▶ Task directions
From the entries below, copy every line holding the word "next".

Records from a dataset
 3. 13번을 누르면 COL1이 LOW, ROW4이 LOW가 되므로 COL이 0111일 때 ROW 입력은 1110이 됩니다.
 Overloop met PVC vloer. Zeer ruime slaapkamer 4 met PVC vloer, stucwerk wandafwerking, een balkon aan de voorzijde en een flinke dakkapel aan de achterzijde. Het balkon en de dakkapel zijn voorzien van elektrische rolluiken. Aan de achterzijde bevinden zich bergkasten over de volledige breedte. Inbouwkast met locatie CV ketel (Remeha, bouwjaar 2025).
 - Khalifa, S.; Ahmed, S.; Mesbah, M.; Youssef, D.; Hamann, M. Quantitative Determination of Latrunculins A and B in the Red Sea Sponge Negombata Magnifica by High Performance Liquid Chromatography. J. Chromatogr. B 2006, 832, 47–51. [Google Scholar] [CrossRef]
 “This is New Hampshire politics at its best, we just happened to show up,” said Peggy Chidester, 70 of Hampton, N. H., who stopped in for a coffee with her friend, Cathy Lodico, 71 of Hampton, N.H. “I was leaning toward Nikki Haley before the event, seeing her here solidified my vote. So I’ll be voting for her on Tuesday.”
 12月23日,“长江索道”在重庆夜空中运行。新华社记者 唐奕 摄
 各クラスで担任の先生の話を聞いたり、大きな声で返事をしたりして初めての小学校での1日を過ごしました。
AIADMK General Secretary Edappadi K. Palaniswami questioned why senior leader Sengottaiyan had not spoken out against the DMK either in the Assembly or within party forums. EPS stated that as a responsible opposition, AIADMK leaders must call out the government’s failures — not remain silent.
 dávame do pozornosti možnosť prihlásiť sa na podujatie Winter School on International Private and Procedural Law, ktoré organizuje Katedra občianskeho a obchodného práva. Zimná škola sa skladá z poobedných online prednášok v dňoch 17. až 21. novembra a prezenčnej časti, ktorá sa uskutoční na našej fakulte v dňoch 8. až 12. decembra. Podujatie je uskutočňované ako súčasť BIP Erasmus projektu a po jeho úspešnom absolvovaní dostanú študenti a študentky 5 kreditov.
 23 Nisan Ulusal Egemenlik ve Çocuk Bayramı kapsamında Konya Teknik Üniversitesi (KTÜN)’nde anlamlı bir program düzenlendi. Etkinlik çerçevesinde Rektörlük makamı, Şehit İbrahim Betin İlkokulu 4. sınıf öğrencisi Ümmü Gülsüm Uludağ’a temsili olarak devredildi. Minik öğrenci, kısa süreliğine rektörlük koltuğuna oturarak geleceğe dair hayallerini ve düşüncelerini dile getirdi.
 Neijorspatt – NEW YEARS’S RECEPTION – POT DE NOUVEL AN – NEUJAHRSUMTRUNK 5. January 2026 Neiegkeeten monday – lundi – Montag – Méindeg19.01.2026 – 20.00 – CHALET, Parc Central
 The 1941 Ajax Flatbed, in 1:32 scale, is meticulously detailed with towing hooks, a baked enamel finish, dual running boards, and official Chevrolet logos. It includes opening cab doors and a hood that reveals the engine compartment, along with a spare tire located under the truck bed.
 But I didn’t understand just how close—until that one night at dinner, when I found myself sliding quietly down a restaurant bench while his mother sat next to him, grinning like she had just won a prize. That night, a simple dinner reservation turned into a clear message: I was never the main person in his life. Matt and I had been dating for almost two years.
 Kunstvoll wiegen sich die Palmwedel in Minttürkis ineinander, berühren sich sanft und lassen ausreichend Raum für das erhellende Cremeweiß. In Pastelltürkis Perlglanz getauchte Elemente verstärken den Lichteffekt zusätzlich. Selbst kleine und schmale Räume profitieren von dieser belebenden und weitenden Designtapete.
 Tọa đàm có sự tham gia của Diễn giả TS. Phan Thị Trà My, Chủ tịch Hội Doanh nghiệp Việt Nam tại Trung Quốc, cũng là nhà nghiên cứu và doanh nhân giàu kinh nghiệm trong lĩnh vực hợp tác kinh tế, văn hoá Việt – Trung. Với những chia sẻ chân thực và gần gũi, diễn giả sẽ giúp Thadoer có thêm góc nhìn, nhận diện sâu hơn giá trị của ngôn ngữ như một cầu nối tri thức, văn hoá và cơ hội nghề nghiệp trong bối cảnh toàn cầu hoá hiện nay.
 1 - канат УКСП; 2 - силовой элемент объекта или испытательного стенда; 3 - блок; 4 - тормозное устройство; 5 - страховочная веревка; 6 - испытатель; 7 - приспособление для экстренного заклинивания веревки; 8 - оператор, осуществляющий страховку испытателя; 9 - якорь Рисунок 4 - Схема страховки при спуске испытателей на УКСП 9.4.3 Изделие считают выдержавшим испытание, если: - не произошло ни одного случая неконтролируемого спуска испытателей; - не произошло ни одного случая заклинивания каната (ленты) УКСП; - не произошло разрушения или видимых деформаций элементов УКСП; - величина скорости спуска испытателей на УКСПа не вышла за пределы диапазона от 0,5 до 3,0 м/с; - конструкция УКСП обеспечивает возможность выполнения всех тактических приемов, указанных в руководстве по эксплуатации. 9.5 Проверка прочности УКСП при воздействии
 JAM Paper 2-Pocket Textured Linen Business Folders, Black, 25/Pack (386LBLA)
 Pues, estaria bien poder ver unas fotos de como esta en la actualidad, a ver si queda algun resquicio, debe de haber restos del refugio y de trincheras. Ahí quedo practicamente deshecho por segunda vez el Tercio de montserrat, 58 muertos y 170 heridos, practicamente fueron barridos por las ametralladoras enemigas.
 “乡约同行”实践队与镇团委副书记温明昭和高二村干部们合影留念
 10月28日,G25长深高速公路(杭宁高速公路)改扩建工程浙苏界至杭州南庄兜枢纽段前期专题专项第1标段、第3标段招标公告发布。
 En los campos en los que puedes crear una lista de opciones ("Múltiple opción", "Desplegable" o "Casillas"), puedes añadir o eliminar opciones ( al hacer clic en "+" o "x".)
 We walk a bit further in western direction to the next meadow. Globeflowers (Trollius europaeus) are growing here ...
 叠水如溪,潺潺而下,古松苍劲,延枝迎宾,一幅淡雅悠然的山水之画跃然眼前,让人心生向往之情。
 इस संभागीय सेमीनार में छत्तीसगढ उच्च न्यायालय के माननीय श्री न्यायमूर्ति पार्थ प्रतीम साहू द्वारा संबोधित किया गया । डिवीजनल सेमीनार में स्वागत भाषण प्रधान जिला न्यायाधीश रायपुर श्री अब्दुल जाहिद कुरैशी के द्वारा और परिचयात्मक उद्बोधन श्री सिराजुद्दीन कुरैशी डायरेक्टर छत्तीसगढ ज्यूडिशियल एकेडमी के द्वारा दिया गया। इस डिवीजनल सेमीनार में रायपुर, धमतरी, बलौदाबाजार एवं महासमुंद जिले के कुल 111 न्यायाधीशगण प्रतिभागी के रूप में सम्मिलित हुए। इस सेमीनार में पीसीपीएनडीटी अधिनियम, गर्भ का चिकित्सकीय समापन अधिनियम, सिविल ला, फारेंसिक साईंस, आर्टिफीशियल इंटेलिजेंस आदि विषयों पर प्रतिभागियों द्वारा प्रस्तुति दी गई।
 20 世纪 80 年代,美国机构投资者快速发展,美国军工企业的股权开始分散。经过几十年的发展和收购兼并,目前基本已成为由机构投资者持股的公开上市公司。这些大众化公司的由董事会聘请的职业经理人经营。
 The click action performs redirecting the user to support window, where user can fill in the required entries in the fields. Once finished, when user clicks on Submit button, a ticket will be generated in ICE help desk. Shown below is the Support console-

▶ Reply
 But I didn’t understand just how close—until that one night at dinner, when I found myself sliding quietly down a restaurant bench while his mother sat next to him, grinning like she had just won a prize. That night, a simple dinner reservation turned into a clear message: I was never the main person in his life. Matt and I had been dating for almost two years.
 We walk a bit further in western direction to the next meadow. Globeflowers (Trollius europaeus) are growing here ...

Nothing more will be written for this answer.